**How to complete this task:** Copy the data below exactly. Any pictures in it should be omitted.

**Data:**
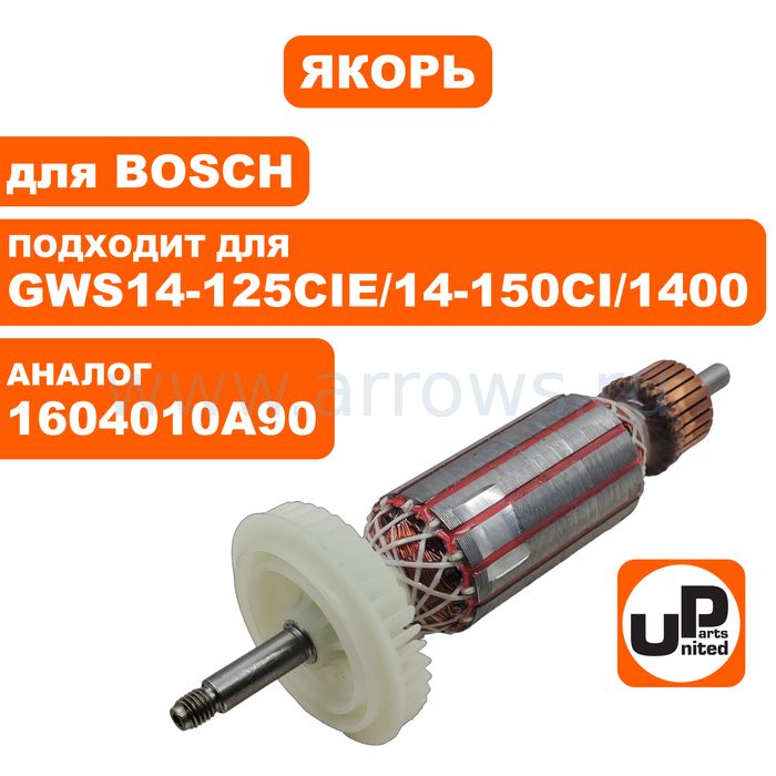 Якорь UNITED PARTS для BOSCH GWS 14-125CIE/CI/CIT/S/ GWS 14-150 CI/ BAG 125-1 E/ GWS 1400/BAG 125-1 E/ BTI-WKS 125 VRE/ EWS 14-150-S (аналог - цена, фото, технические характеристики
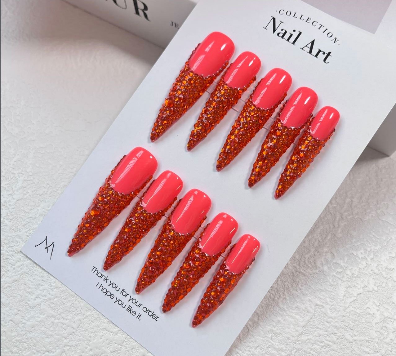 Be the first to review “Red diamond gradient long-style pointed nail art sticker”
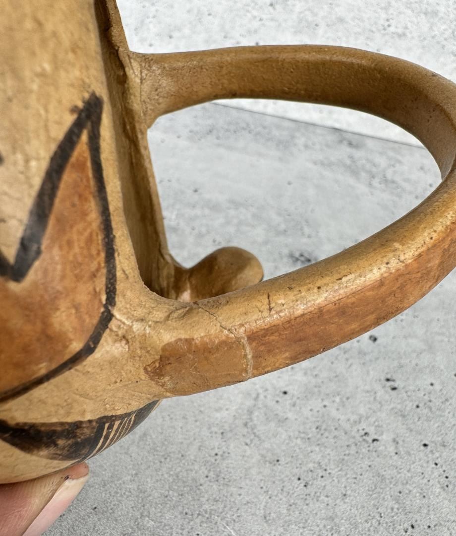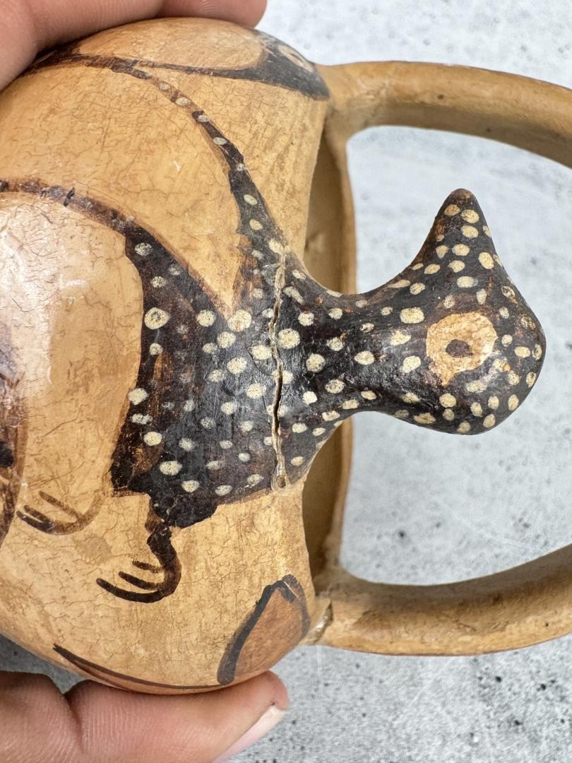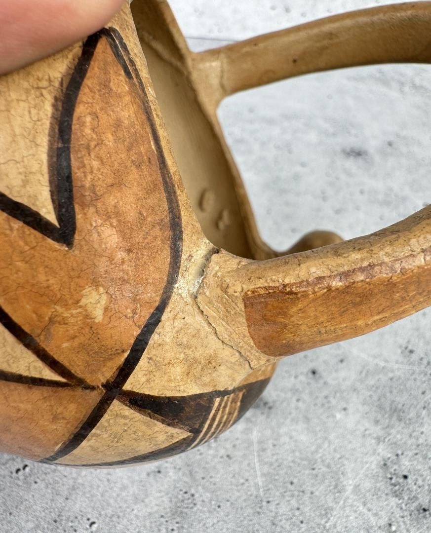 5 3/4" tall by 4 1/4" in diameter. Repaired as shown.

**Output for this task:**
 Якорь UNITED PARTS для BOSCH GWS 14-125CIE/CI/CIT/S/ GWS 14-150 CI/ BAG 125-1 E/ GWS 1400/BAG 125-1 E/ BTI-WKS 125 VRE/ EWS 14-150-S (аналог - цена, фото, технические характеристики
 Be the first to review “Red diamond gradient long-style pointed nail art sticker”
 5 3/4" tall by 4 1/4" in diameter. Repaired as shown.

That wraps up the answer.